The Basics of Account Lockout

The purpose of account lockout is to make it harder for password-guessing attacks to succeed. If account lockout is not configured, an attacker can automate an attempt to log on with different user accounts, trying common passwords as well as every possible combination of eight or fewer characters in a very short amount of time, until one finally works. When account lockout is configured, Windows locks the account after a certain number of failed logon attempts, and blocks further logon attempts even if the correct password is supplied.

Windows account lockout can be configured with these three settings:

  • Account lockout threshold: the number of failed logon attempts that trigger account lockout. If set to 0, account lockout is disabled and accounts are never locked out.

  • Account lockout duration: the number of minutes that an account remains locked out before it’s automatically unlocked. If set to 0, the account remains locked out until an administrator explicitly unlocks it.

  • Reset account lockout counter after: the number of minutes after a failed logon attempt before the bad-logon counter is reset to 0. The counter is also reset after a successful logon.

Account Lockout Tradeoffs

While account lockout can help prevent intrusion, it can also expose your organization to accidental lockouts as well as to denial of service attacks.

Not every bad logon attempt reflects an attempt to gain unauthorized access. Users sometimes forget their passwords. Also, applications, particularly those that use saved passwords, are often unaware of a password change and continue to use the old password, sometimes automatically retrying the same password many times in a short amount of time. This becomes increasingly true as users have more devices such as phones and tablets that log on to get email or other corpnet access. If the account lockout threshold is set too low, you are likely to see a lot of accidental lockouts. In addition to users not being able to perform their work, lockouts can lead to expensive helpdesk calls, especially when administrator intervention is required to unlock the account. Finding the root cause of accidental lockouts can be time-consuming as well. It’s therefore good to set a threshold that avoids accidental lockouts, while not setting the threshold so high that attackers are given too much opportunity to succeed. Setting the lockout duration to a “reasonable” non-zero value can also reduce helpdesk calls. The combination of threshold, lockout duration and reset settings determines how many guesses attackers get per day; ideally you slow them down to the point that it becomes impractical or at least not worthwhile for them to pursue this type of attack.

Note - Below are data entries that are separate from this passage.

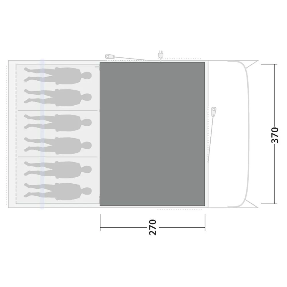 Dieser Zeltteppich ist passgenau auf den Wohnbereich vom Campingzelt Outwell Denver 6 zugeschnitten. Er beschert sofortige Wärme und warme Füsse, garantiert Wohnkomfort und mehr Behaglichkeit bei Tag und Nacht. Zieh die Schuhe aus, spiel mit den Kindern auf dem Boden und steige an kalten Morgen unbekümmert aus dem Bett auf einen angenehm warmen Boden.
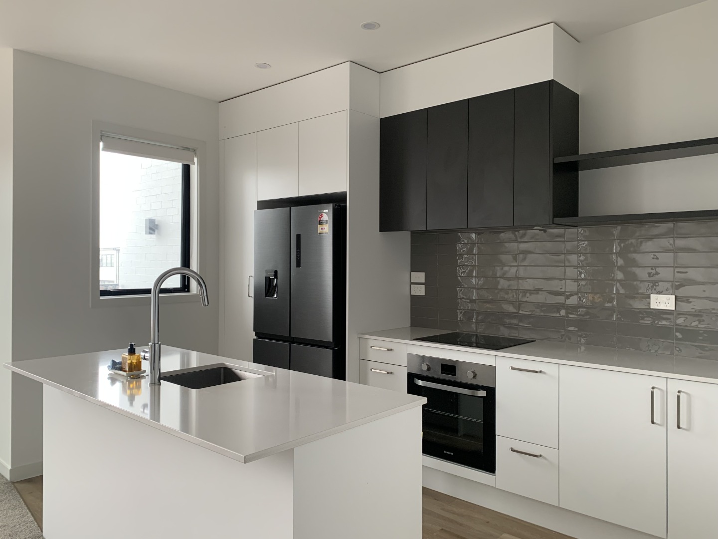With a island bench, ergonomic cabinetry & a dashing splashback, the kitchen shares its ingenuity with the lounge, dining & deck, nailing that cool-casual vibe in urban living.
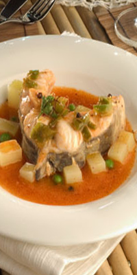 Ingredientes: 400 grs. netos de congrio abierto, 30 grs. netos de zumo de limón, 2 cucharadas de aceite, 180 grs. netos de tomate, 150 grs. netos de cebolla, 3 dientes de ajo, pimienta y sal.
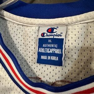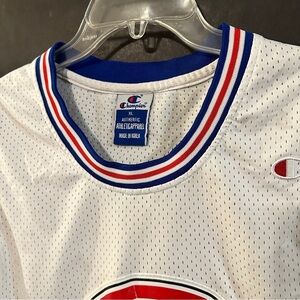 White basketball jersey with Tune Squad logo. Features red, blue, and white accents. Used good condition size men xl steamed before shipping.
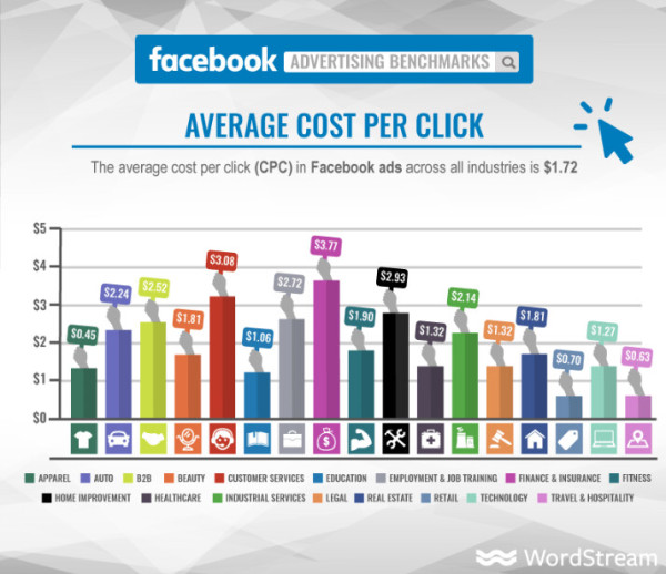 Średni koszt CPC na Facebooku z podziałem na branże, źródło: wordstream.com/blog/ws/2017/02/28/facebook-advertising-benchmarks

At the same time, whenever account lockout is configured at all it is easy for an attacker to conduct a denial of service attack and deliberately lock out accounts. It doesn’t matter whether you set the threshold to 5 or 50 – an automated attack can perform that many deliberately failed logon attempts on a large number of accounts very quickly and lock them out. If the lockout duration is short, an attacker can still maintain a sustained attack, locking out accounts as soon as they become unlocked. If the lockout duration is indefinite (0), then this can be a crippling attack.

Reducing or Eliminating the Need for Account Lockout

If you employ other mitigations against password-guessing attacks, you can afford to set a higher lockout threshold or even disable account lockout altogether. Some of these mitigations are:

  • Proactively monitor for failed logon events and have a robust response mechanism in place when password-guessing is detected.

  • Configure “Smart card required for interactive logon” (SCRIL), and do not manually set a password for the account after doing so. When SCRIL is configured, the account’s password hash is replaced with a random value, making a password logon effectively impossible. When SCRIL is configured, therefore, account lockout should be disabled to prevent denial of service.

  • Require long passwords. The entire set of eight-character passwords can be tested in a short amount of time. Windows policies allow you to set a minimum length of up to 14 characters, which is the setting we recommend. Passwords can be up to 256 characters, but Windows won’t let you demand more than 14 without a custom password filter.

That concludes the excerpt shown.